When Crises Become Narratives — TruthAfrica Monitor
Local crises in Africa are becoming battles over trust. From Ebola misinformation and “biolab” claims to Russian soft power and pressure on Ugandan media, influence is increasingly built through narratives.
From the Editor
In this issue, we examine how local crises in Africa are being absorbed into broader narratives about the West, sovereignty and security. The starting point is Ebola: on the one hand, a genuine public health challenge; on the other, fertile ground for rumours about Western experiments, dangerous vaccines and the portrayal of Africa as a source of threat. The narrative of US biolabs and "health sovereignty" remains particularly useful for FIMI actors and has been developed, among others, by Sputnik Africa.
This does not mean, however, that the Russian information apparatus dominates the Ebola narrative. The picture is more complex: local mistrust and genuine disputes over Western medical infrastructure create space that Russia can selectively exploit to position itself as a health partner and reinforce familiar narratives about biosecurity, neocolonialism and the exploitation of Africa.

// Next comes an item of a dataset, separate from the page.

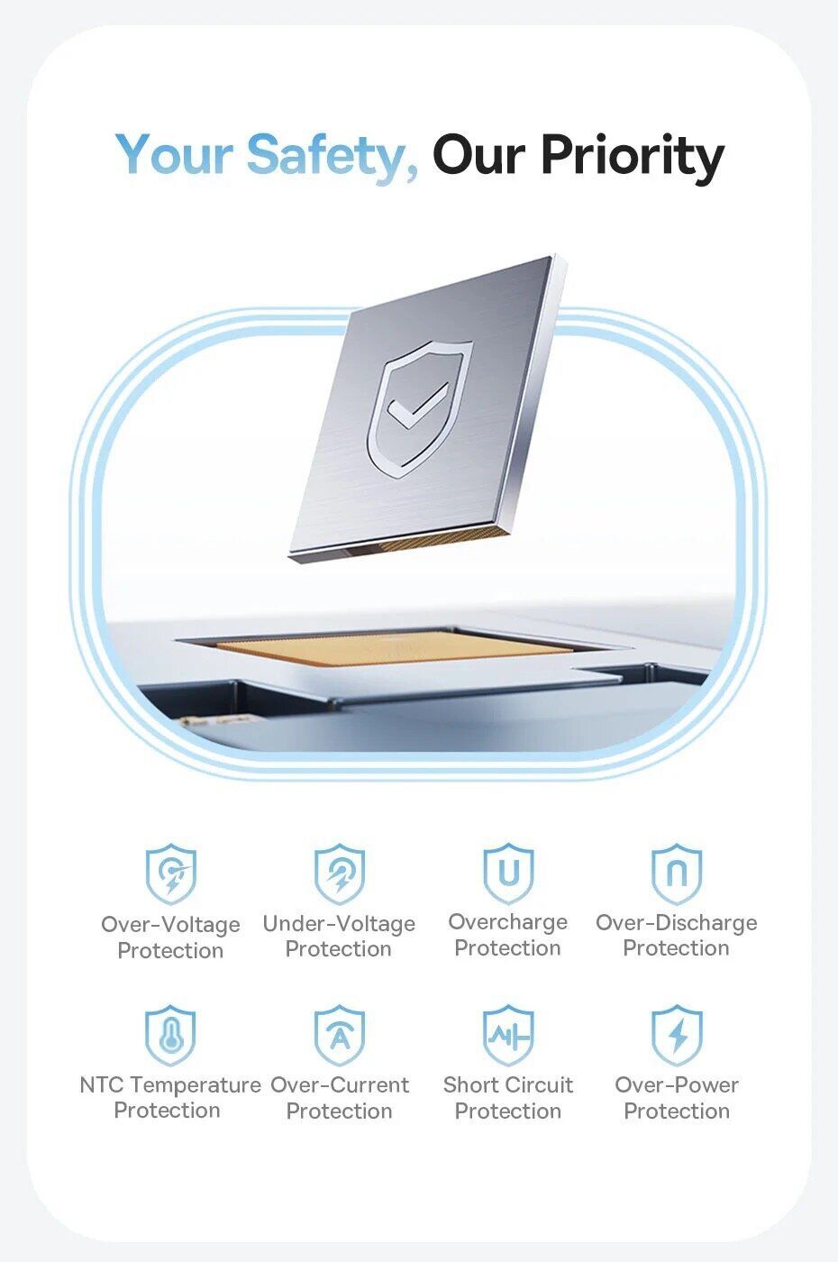 - Встроенные 8 уровней интеллектуальной защиты предотвращают перегрев, перенапряжение, перезаряд, короткое замыкание и перегрузку по току.

The same mechanism appears elsewhere: in Burkina Faso's rupture with France, the activity of the Alliance of Sahel States (AES), Russian soft power built around media, language and Russian Houses. Manipulation surrounding protests and the repression of the media in Uganda form a separate dimension. Taken together, these cases show that the struggle for influence in Africa is fought not only through diplomacy and contracts, but also through trust in doctors, journalists, institutions and foreign partners.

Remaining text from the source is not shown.